Predictive coding over the lifespan: Increased reliance on perceptual priors in older adults — a magnetoencephalography and dynamic causal modelling study

2017 
Aging is accompanied by unisensory decline; but to compensate for this, two complementary strategies are potentially relied upon increasingly: first, older adults integrate more information from different sensory organs. Second, according to predictive coding (PC) we form 'templates' (internal models or 'priors') of the environment through our experiences. It is through increased life experience that older adults may rely more on these templates compared to younger adults. Multisensory integration and predictive coding would be effective strategies for the perception of near-threshold stimuli, but they come at the cost of integrating irrelevant information. Their role can be studied in multisensory illusions because these require the integration of different sensory information, as well as an internal model of the world that can take precedence over sensory input.
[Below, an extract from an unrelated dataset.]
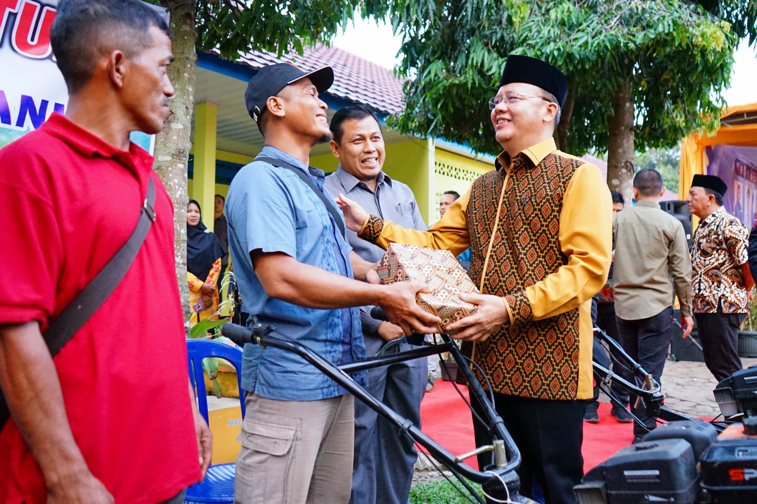 Di tempat yang sama, Gubernur Rohidin Mersyah juga Ibu Gubernur menyerahkan bantuan 118 Alsintan berupa, cultivator, mesin potong rumput dan hand sprayer kepada 68 kelompok tani di Kabupaten Bengkulu Utara.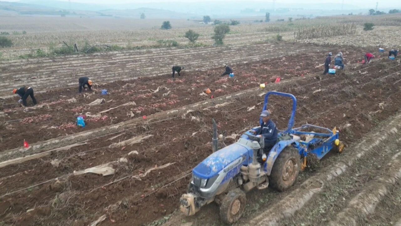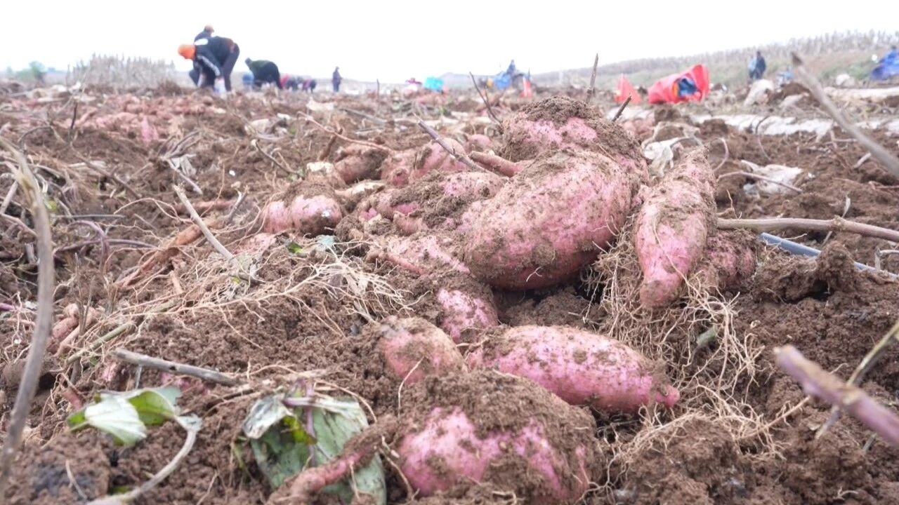 在巴公镇柳坡掌村的百亩红薯田,30多人的抢收队伍正紧张忙碌,熟练地进行刨薯、去泥、装筐等作业。受近期持续阴雨天气影响,导致部分农田土壤水分饱和、泥泞湿滑,除使用收获机械外,当地还调用了小型挖掘机、增加了人手,抢晴抓雨确保收获进度。

Here, we elicited a classic multisensory illusion, the sound-induced flash illusion, in younger (mean: 27 yrs) and older (mean: 67 yrs) adult participants while recording the magnetoencephalogram. Older adults perceived more illusions than younger adults. Older adults had increased pre-stimulus beta (β)-band activity compared to younger adults as predicted by microcircuit theories of predictive coding, which suggest priors and predictions are linked to β-band activity. In line with our hypothesis, transfer entropy analysis and dynamic causal models of pre-stimulus MEG data revealed a stronger illusion-related modulation of cross-modal connectivity from auditory to visual cortices in older compared to younger adults. We interpret this as the neural correlate of increased reliance on a cross-modal predictive template in older adults that is leading to the illusory percept.